I verbali indicano che tutti i funzionari concordano sul fatto che il Comitato sia "nella posizione di procedere con cautela", sottolineando che le decisioni di politica monetaria in ogni riunione continueranno a basarsi sull'insieme dei dati in arrivo e sul loro impatto sulle prospettive economiche e sull'equilibrio dei rischi.

L'ANDAMENTO DELL'ECONOMIA È ESTREMAMENTE INCERTO

Nei verbali si sottolinea che permane un elevato grado di incertezza sulle prospettive economiche generali; viene inoltre segnalato che una nuova fonte di incertezza è legata allo sciopero dei lavoratori del settore automobilistico e che molti funzionari hanno osservato come un'intensificazione dello sciopero rappresenti sia un rischio al rialzo per l'inflazione che un rischio al ribasso per l'attività economica.

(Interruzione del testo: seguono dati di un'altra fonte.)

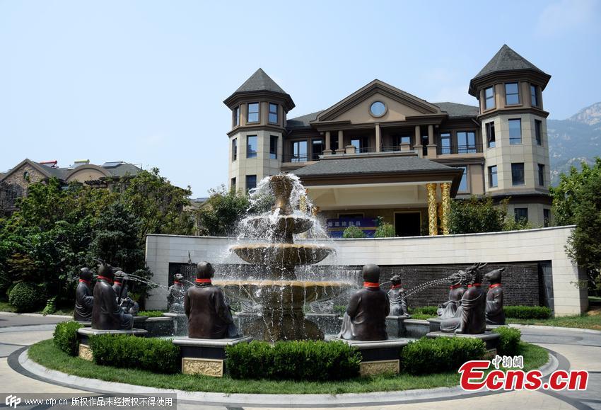 Replicas of zodiac animal sculptures from Yuan Ming Yuan, also known as the Old Summer Palace, are displayed at the entrance to a high-end residential area at the foot of Taishan Mountain in Tai’an city, East China’s Shandong province. The full-size sculptures cost 100,000 yuan ($16,100). In the past, bronze sculptures of the 12 Chinese zodiac animals in the Old Summer Palace had water pipes protruding from their mouths that projected water. (Photo/CFP)
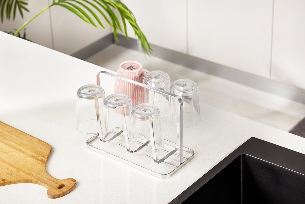 杯架6只裝 水杯掛架咖啡杯置物架瀝水架家用帶托盤套裝玻璃杯架子

Nei verbali della banca si afferma che la maggior parte dei funzionari ha richiamato l'attenzione sui rischi al rialzo derivanti dall'aumento dei prezzi dell'energia, che potrebbero invertire parte del recente calo dell'inflazione, e sul rischio che l'inflazione si riveli più persistente del previsto.

I verbali riportano che alcuni funzionari hanno segnalato rischi al ribasso per l'attività economica, inclusa la possibilità che le condizioni di credito si restringano più del previsto in caso di ulteriori difficoltà nel settore bancario nazionale; sono stati inoltre menzionati la possibilità che il rallentamento economico in Cina freni la crescita economica globale e la possibilità di una prolungata chiusura delle attività del governo statunitense.

Nei verbali si osserva che alcuni funzionari hanno riscontrato difficoltà nel valutare lo stato dell'economia a causa della volatilità di alcuni dati e della loro soggezione a revisioni significative.

Nei verbali della Fed si legge: "La stragrande maggioranza dei funzionari ha continuato a ritenere che l'andamento futuro dell'economia sia estremamente incerto".

LA POLITICA MONETARIA DEVE RIMANERE RESTRITTIVA ANCORA PER UN PO'

I verbali indicano che, sebbene i funzionari ritengano in generale che, con l'orientamento restrittivo della politica monetaria, i rischi per il raggiungimento degli obiettivi del Comitato siano diventati più "bilanciati", la maggior parte di essi continua a vedere rischi al rialzo per l'inflazione, dato che quest'ultima rimane ben al di sopra dell'obiettivo a lungo termine e il mercato del lavoro resta teso.

Nei verbali è stato espresso il parere che: "Tutti i funzionari concordano sul fatto che la politica debba rimanere restrittiva ancora per qualche tempo, finché il Comitato non sarà certo che l'inflazione stia scendendo in modo sostenibile verso il suo obiettivo".

Nei verbali della banca viene inoltre sottolineato che i funzionari hanno generalmente evidenziato l'importanza di bilanciare il rischio di un eccessivo inasprimento rispetto al rischio di un inasprimento insufficiente.